One-loop masses of open-string scalar fields in String Theory

In phenomenological models with D-branes, there are in general open-string massless scalar fields, in addition to closed-string massless moduli fields corresponding to the compactification. It is interesting to focus on the fate of such scalar fields in models with broken supersymmetry, because no symmetry forbids their masses. The one-loop effect may give non-zero masses to them, and in some cases mass squared may become negative, which means the radiative gauge symmetry breaking. In this article we investigate and propose a simple method for calculating the one-loop corrections using the boundary state formalism.
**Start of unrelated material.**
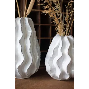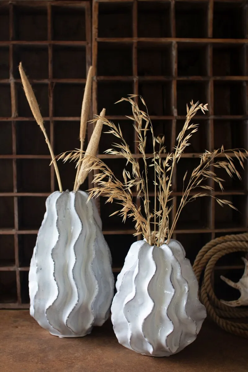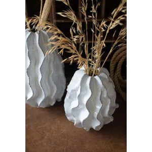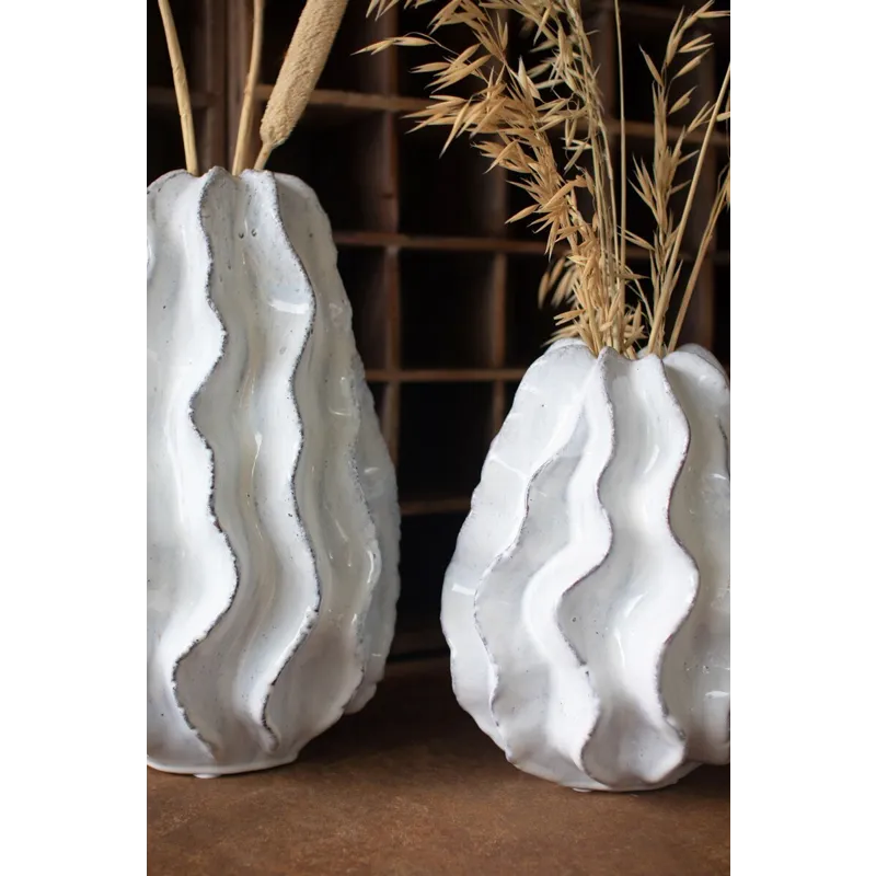 This small white ceramic ruffled vase is a sophisticated way to add style to any room.

There are two categories of massless open-string scalar fields. One consists the gauge potential fields corresponding to compactified directions, which can be understood as scalar fields in uncompactified space-time (related with Wilson line degrees of freedom). The other consists "gauge potential fields" corresponding to transverse directions of D-brane, which emerge as scalar fields in D-brane world-volume (related with brane moduli fields). The D-brane boundary states with constant backgrounds of these scalar fields are constructed, and one-loop scalar masses are calculated in the closed string picture. Explicit calculations are given in the following four concrete models: one D25-brane with a circle compactification in bosonic string theory, one D9-brane with a circle compactification in superstring theory, D3-branes at a supersymmetric C^3/Z_3 orbifold singularity, and a model of brane supersymmetry breaking with D3-branes and anti-D7-branes at a supersymmetric C^3/Z_3 orbifold singularity. We show that the sign of the mass squared has a strong correlation with the sign of the related open-string one-loop vacuum amplitude.